On-Line Quantitation of Calgranulin B Phosphorylation
On-line LC-MS analysis of 400 μL of acid extract from three human subjects was performed as above for each subject. Intact MS scans in the area surrounding the retention time of calgranulin B were summed across the chromatogram. Phosphorylation ratios were generated using the QWASI method described above.
RESULTS AND DISCUSSION
Off-Line MS of a 2D-LC Fraction
Both the anion exchange RPLC and acid extraction RPLC platforms (Figure 1) produce a significant number of fractions containing multiple protein forms. Figure S–1 (SI) illustrates the spectral complexity of the intact MS of a single 2D–LC fraction, with no isotopic clusters observed clearly in the intact MS and two protein forms identified by deconvolution of a low-resolution spectrum. Through selective accumulation of ~25 m/z windows, four intact masses were observed with at least two charge states each, illustrating the enhancement in dynamic range by using this “quadrupole marching” approach.10 All four of these forms were identified by top down MS/MS (Figure S–1, bottom).
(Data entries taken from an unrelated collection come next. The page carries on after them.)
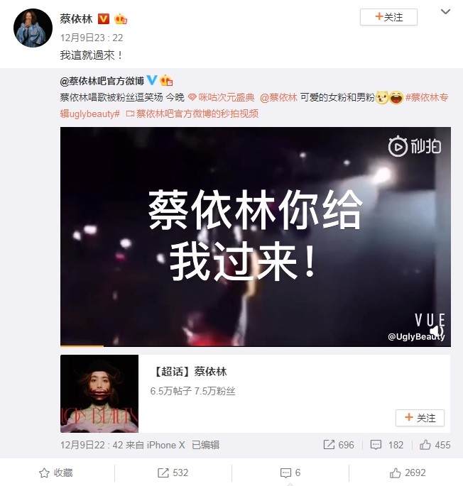 2018年12月11日天后蔡依林(Jolin)出道多年,擁有超高人氣。12月9日,她現身上海寶山體育館,參加「咪咕次元盛典」,並上台演唱招牌歌曲《日不落》。台下的粉絲看到她後超激動,大喊她的名字,讓她唱到一半忍不住笑場。
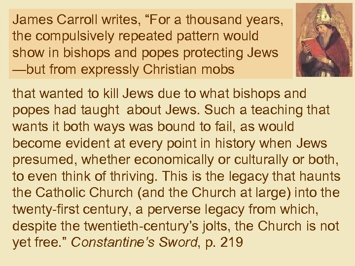 James Carroll writes, “For a thousand years, the compulsively repeated pattern would show in bishops and popes protecting Jews —but from expressly Christian mobs that wanted to kill Jews due to what bishops and popes had taught about Jews. Such a teaching that wants it both ways was bound to fail, as would become evident at every point in history when Jews presumed, whether economically or culturally or both, to even think of thriving. This is the legacy that haunts the Catholic Church (and the Church at large) into the twenty-first century, a perverse legacy from which, despite the twentieth-century’s jolts, the Church is not yet free. ” Constantine’s Sword, p. 219
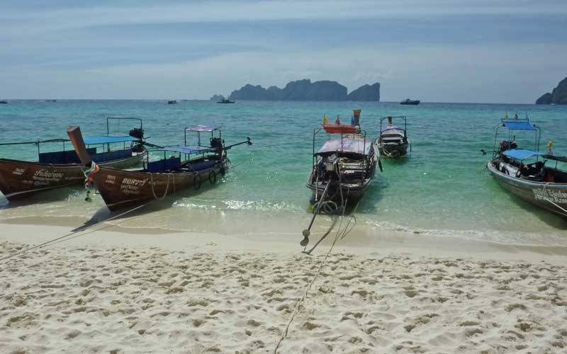 L’archipel des îles Phi Phi est particulièrement réputé pour ses plages paradisiaques et ses spots de plongée. Si vous n'avez qu'une journée à passer à Ko Phi Phi Don, nous vous conseillons de vous rendre à Long Beach qui est une des plus belles plages de l’île, facilement accessible depuis Tonsai (30 minutes de marche depuis le port ou 5 minutes en long tail). L'eau y est cristalline et chaude, ce qui maximise les chances de voir une multitude de créatures marines colorées et exotiques. Les quelques restaurants installés sur la plage vous permettront de manger les pieds dans l’eau !Depuis Long Beach, des long tail boats vous amèneront jusqu’au Shark Point (rocher situé à moins de 500 mètres de la plage) où vous pourrez nager avec des requins à pointes noires et des poissons-clowns. Spectacle garanti !
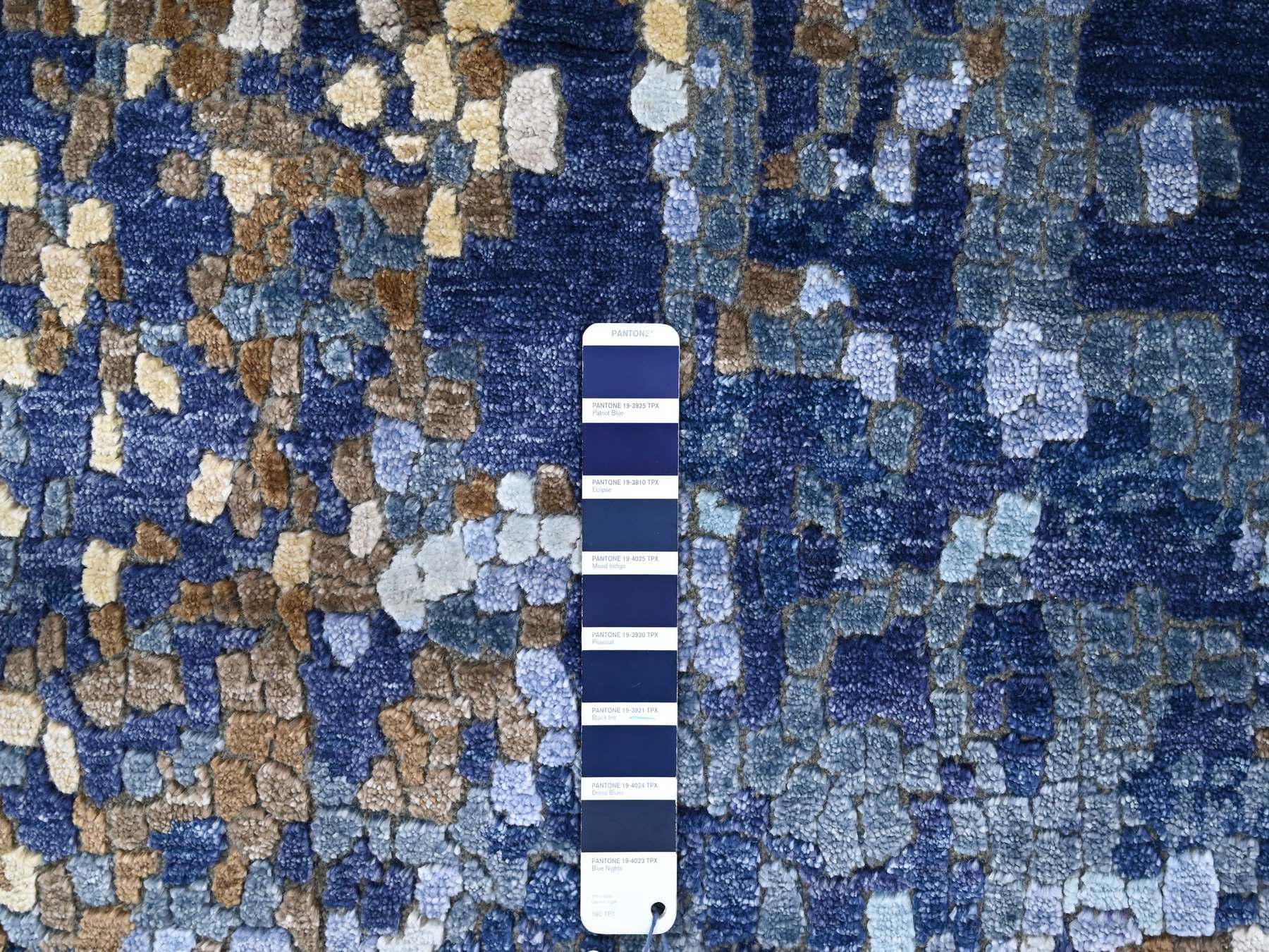 7'9" x 7'9" New Hand Knotted Blue Wool & Silk Round Oriental Rug - MOA10210100
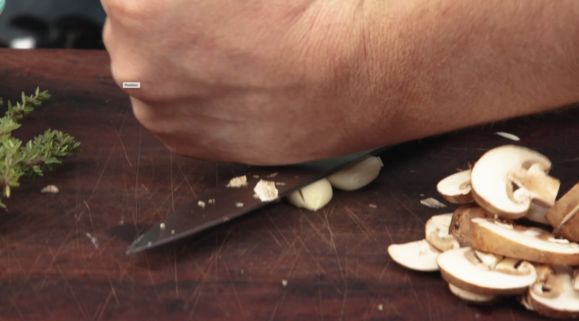 Begin by slicing the mushrooms and crushing three cloves of garlic.

Characterization of Heterozygotes
We present here top down characterization of two forms of acyl-CoA binding protein generated from 2D–LC of lysate produced from a single-subject leukocyte pellet (Figure 2). These forms are produced from the expression of heterozygous alleles at a single cSNP locus. Each allele is fully characterized by IRMPD MS/MS, with each individual allele yielding >10 matching ions more than the alternate allele. As illustrated, these alleles are not present at equivalent ratios; instead they are expressed at a ~2:3 ratio across all charge states and in all 2D–LC fractions in which they were observed. Given the similar nature of the amino acids involved (small, nonpolar, similar pKa), it is unlikely that this ratio arises as a result of ionization efficiency differences for this protein. Genotyping this subject at this locus indicates heterozygosity at the position of interest (Figure 2b, inset). To minimize bias, quantitation of these related protein forms was performed using low-resolution spectra in lieu of isotopically resolved spectra.30 Top down MS has previously been shown to fully characterize proteins from HeLa cells containing known coding polymorphisms;8 however, only in limited examples has MS-based analysis enabled protein-level mutation analysis6 and always on single protein targets. This first example of proteotyping heterozygotes by top down MS illustrates the utility of this technique in complex mixtures such as the human leukocyte proteome.
Figure 2.
Characterization of heterozygotes of acyl-CoA binding protein. (a) Intact MS spectrum illustrating enrichment by quadrupole isolation yielding ~85-fold S/N improvement (inset). (b) Expanded view of isolation window with corresponding low-resolution spectrum (inset b, left), illustrating the ~2:3 ratio of alleles, consistent across charge states and fractions containing this protein; DNA microsequencing results at loci in question illustrating both alleles present (inset b, right). (c) IRMPD MS/MS details of each individually fragmented allele localizing the (−31 Da) Δm to three residues containing the cSNP known to have a ~5% population frequency for the minor allele.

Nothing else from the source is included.